* [TRY IT] Go through the listing below and retype exactly the lines starting at the one with "Why so salty?" and ending at the one with "An as new Karen", skipping pictures.

* [LISTED ENTRIES]
━━━━━━━━━━

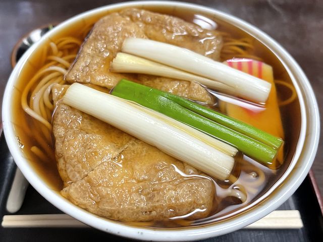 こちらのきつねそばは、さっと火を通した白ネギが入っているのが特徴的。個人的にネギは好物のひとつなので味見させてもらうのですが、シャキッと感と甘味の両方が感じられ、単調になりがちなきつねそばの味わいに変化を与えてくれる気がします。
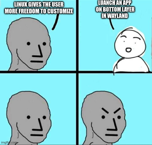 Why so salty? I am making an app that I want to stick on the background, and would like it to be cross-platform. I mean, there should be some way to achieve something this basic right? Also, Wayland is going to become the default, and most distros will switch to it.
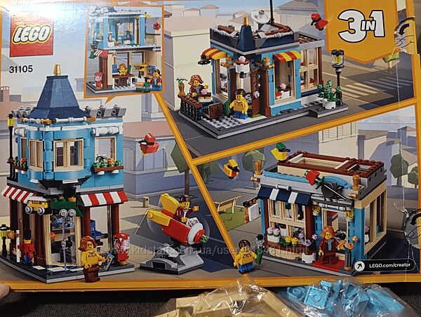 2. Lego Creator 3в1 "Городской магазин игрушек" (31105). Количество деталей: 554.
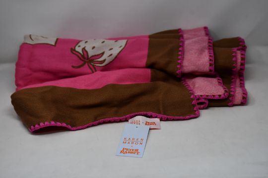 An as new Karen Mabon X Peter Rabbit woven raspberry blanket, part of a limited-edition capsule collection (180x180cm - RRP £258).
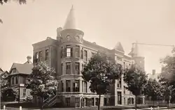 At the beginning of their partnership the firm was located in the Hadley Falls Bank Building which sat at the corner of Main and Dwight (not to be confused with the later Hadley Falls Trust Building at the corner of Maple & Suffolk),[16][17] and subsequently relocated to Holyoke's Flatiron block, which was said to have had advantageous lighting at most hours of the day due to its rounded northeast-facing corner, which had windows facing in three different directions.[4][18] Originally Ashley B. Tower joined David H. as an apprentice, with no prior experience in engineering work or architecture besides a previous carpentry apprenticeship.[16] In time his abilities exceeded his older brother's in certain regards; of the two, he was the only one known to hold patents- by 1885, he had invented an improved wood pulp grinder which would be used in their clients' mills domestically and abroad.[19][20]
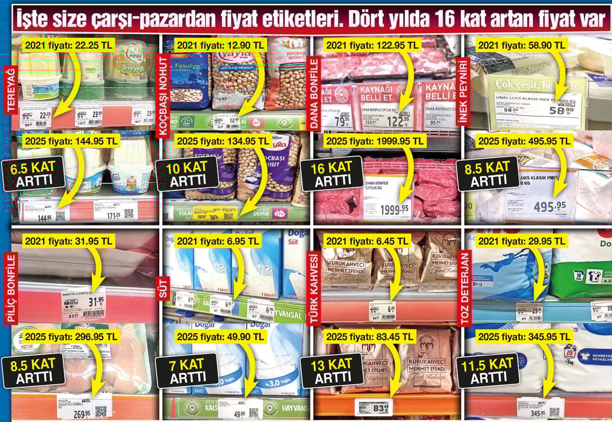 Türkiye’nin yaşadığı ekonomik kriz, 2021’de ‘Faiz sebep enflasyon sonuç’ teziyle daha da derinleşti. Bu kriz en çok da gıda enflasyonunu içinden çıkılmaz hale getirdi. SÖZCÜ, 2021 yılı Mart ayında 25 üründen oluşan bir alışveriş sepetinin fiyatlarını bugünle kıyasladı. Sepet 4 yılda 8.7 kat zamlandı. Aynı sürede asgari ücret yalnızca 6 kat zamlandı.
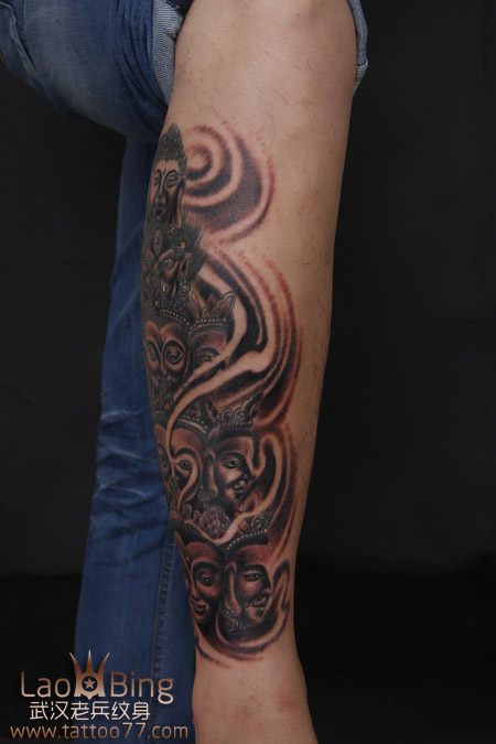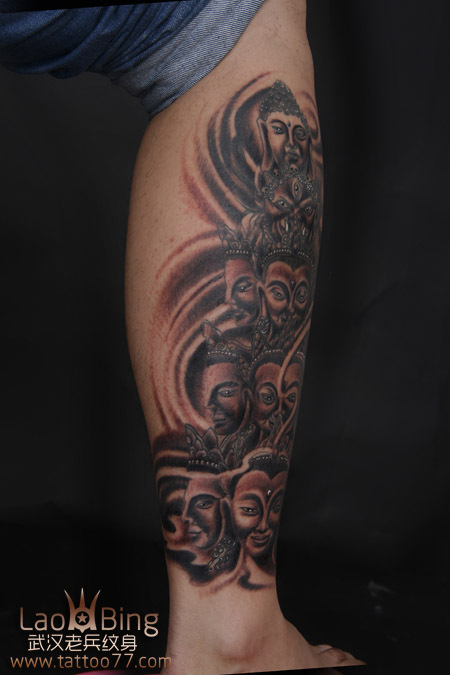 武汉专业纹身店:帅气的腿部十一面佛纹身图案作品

━━━━━━━━━━

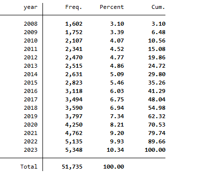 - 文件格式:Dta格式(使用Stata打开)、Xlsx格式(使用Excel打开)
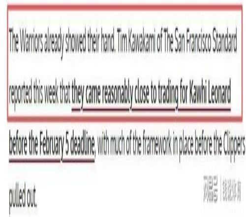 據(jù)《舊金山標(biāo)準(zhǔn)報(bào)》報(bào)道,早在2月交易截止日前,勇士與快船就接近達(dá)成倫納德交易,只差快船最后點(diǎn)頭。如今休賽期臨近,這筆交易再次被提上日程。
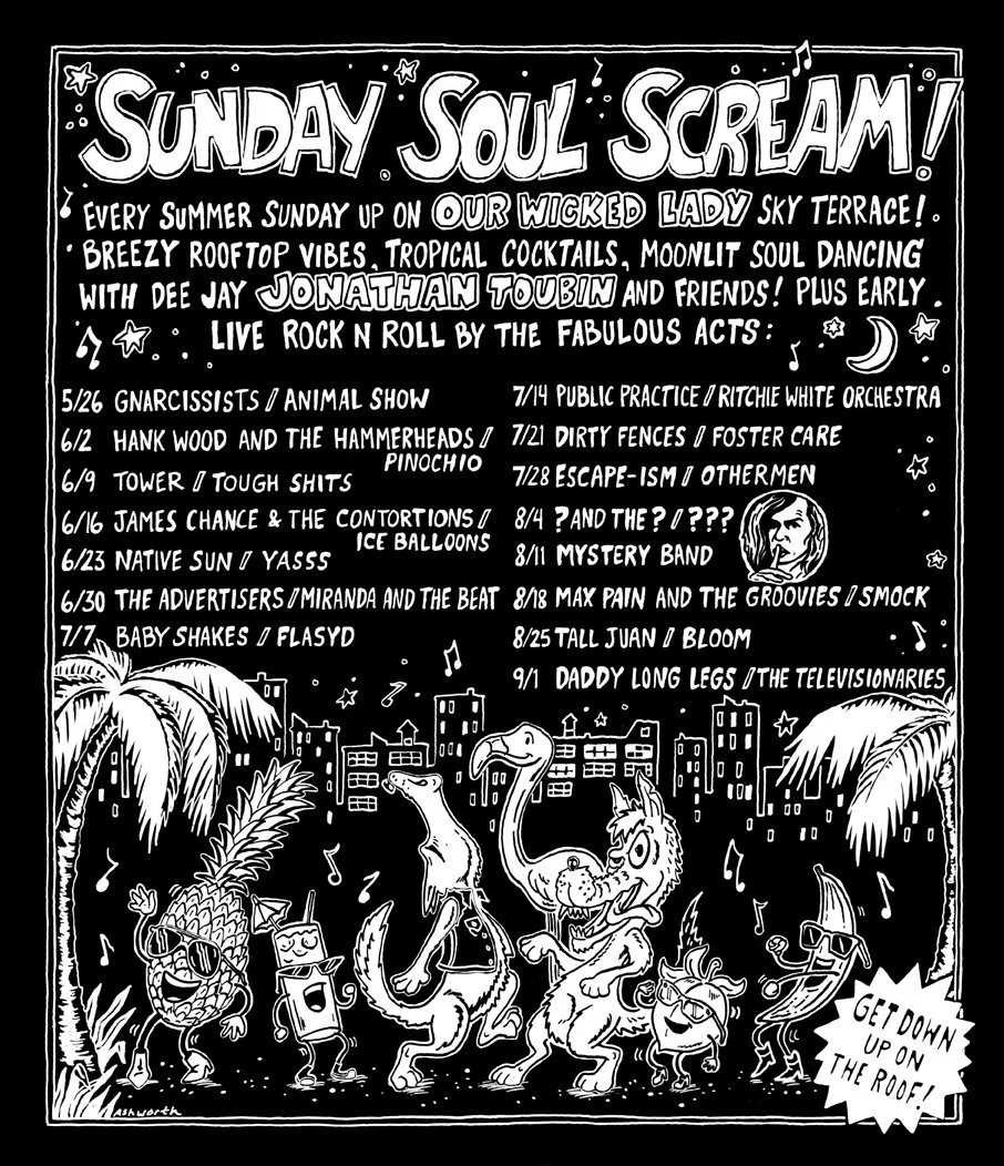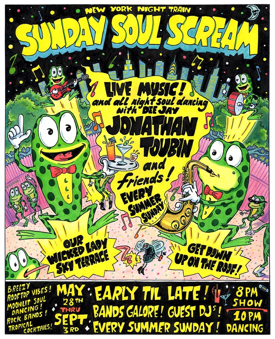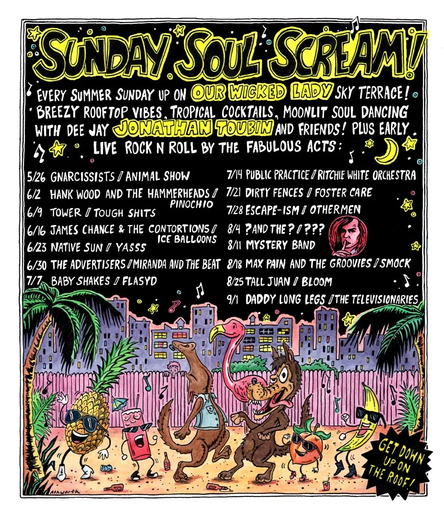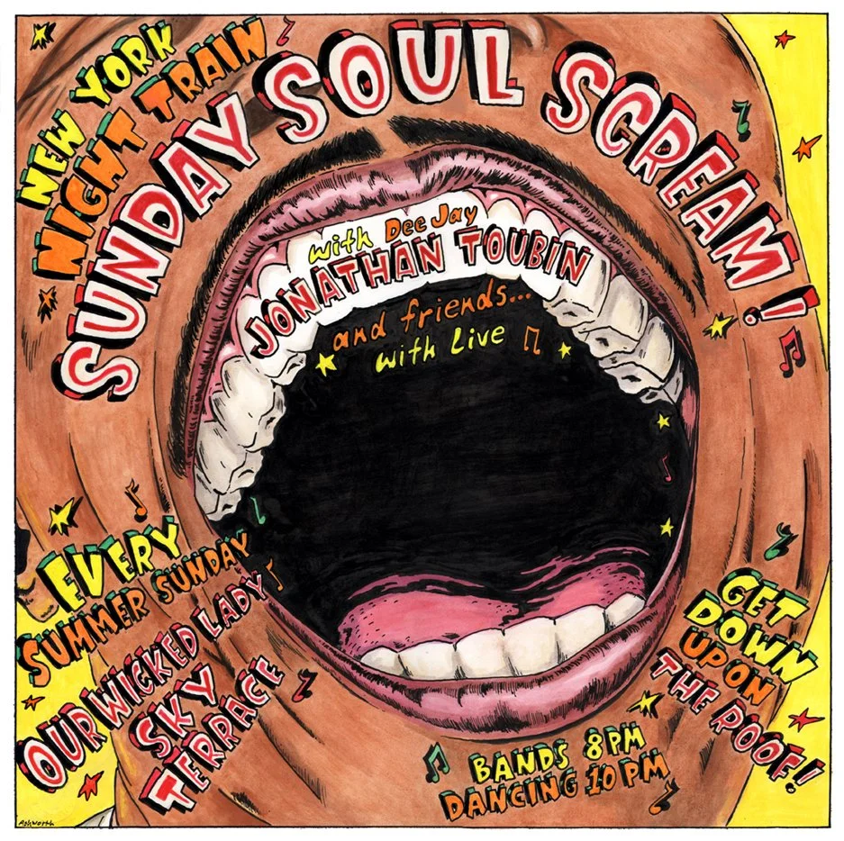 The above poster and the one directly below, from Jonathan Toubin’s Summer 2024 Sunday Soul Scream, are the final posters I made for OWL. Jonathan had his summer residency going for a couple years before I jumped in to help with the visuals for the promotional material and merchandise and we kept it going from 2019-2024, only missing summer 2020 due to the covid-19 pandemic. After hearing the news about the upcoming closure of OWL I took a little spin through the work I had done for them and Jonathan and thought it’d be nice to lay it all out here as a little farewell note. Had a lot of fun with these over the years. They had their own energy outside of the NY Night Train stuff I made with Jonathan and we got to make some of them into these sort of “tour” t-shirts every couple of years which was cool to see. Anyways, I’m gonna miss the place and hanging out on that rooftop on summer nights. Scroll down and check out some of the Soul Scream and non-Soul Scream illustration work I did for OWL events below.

━━━━━━━━━━

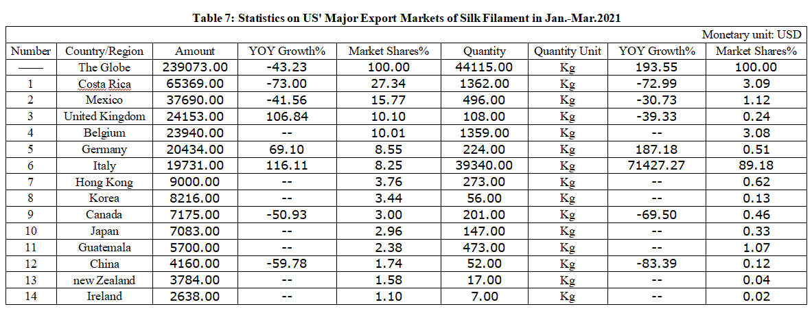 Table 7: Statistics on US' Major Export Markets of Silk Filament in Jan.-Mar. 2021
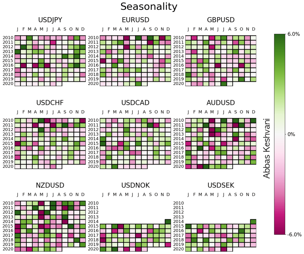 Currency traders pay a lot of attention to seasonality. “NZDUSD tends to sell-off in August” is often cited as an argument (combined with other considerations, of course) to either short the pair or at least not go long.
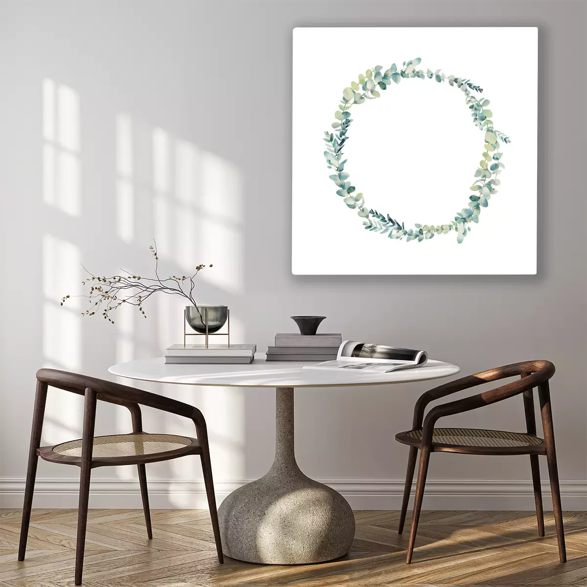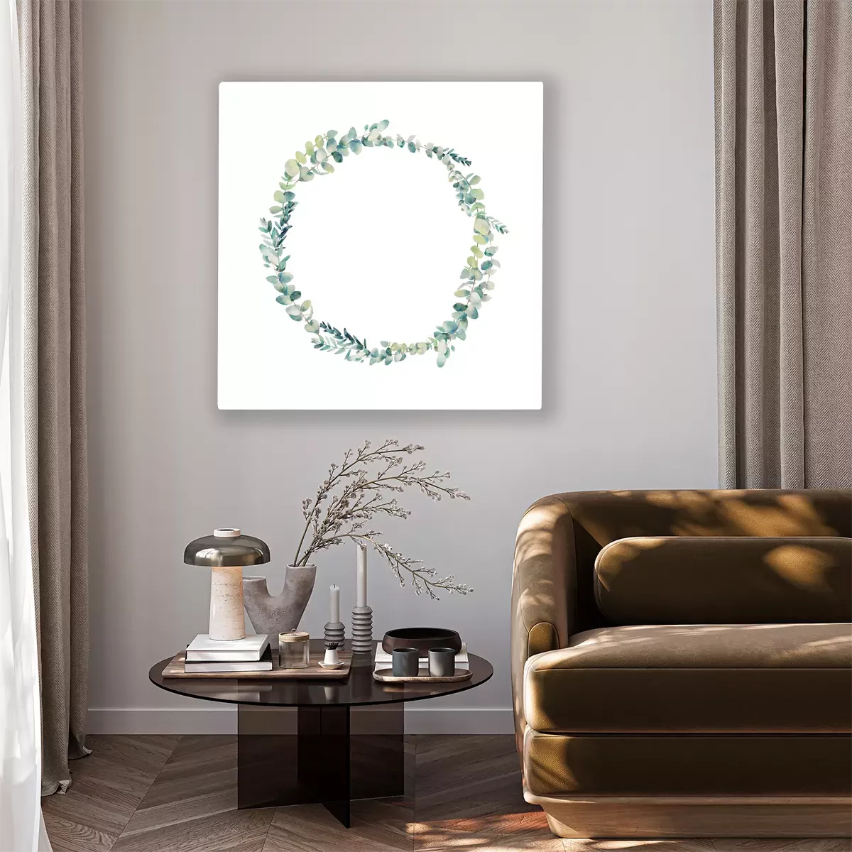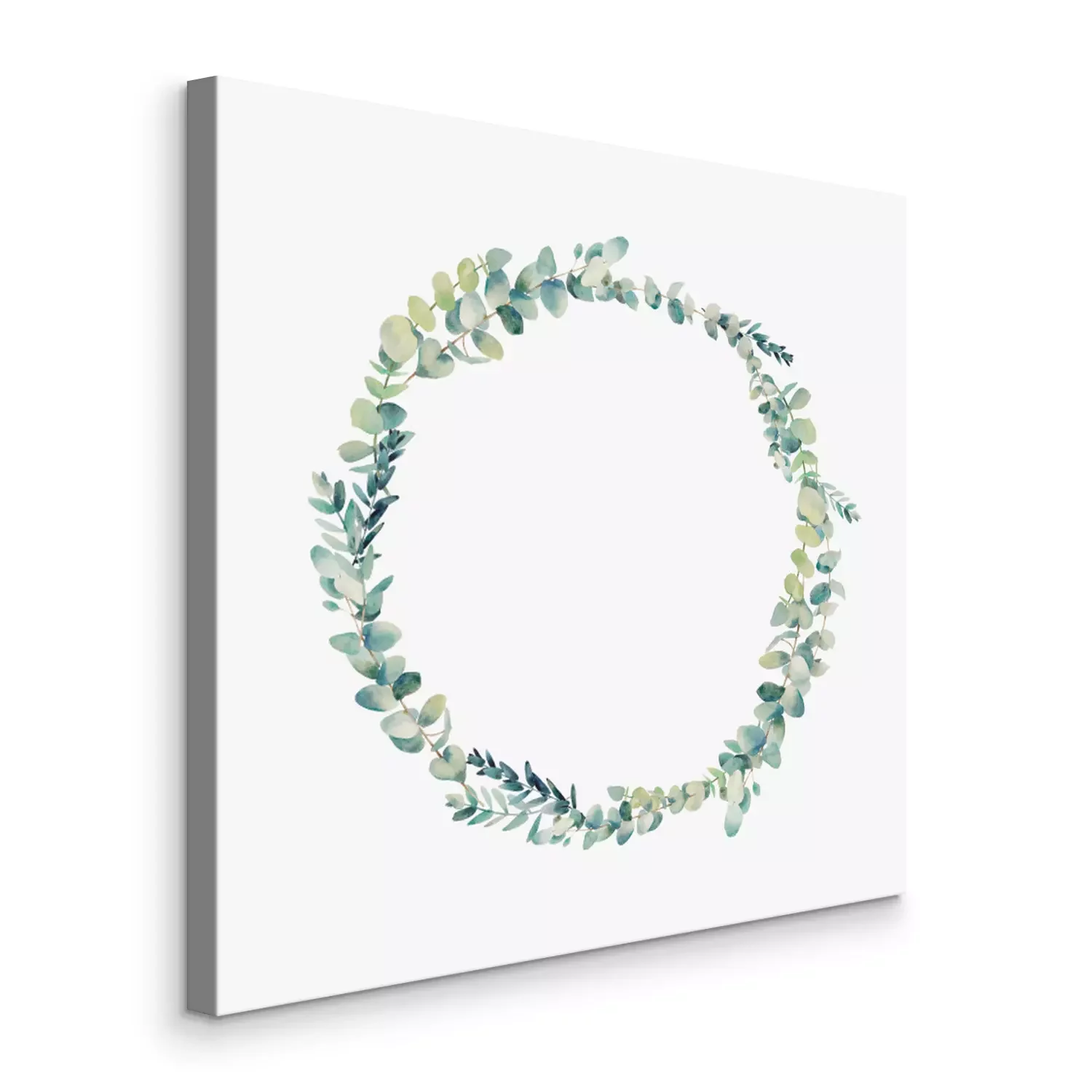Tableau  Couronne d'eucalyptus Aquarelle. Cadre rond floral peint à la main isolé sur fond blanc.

━━━━━━━━━━

* [RESPONSE TO THIS EXERCISE]
 Why so salty? I am making an app that I want to stick on the background, and would like it to be cross-platform. I mean, there should be some way to achieve something this basic right? Also, Wayland is going to become the default, and most distros will switch to it.
 2. Lego Creator 3в1 "Городской магазин игрушек" (31105). Количество деталей: 554.
 An as new Karen Mabon X Peter Rabbit woven raspberry blanket, part of a limited-edition capsule collection (180x180cm - RRP £258).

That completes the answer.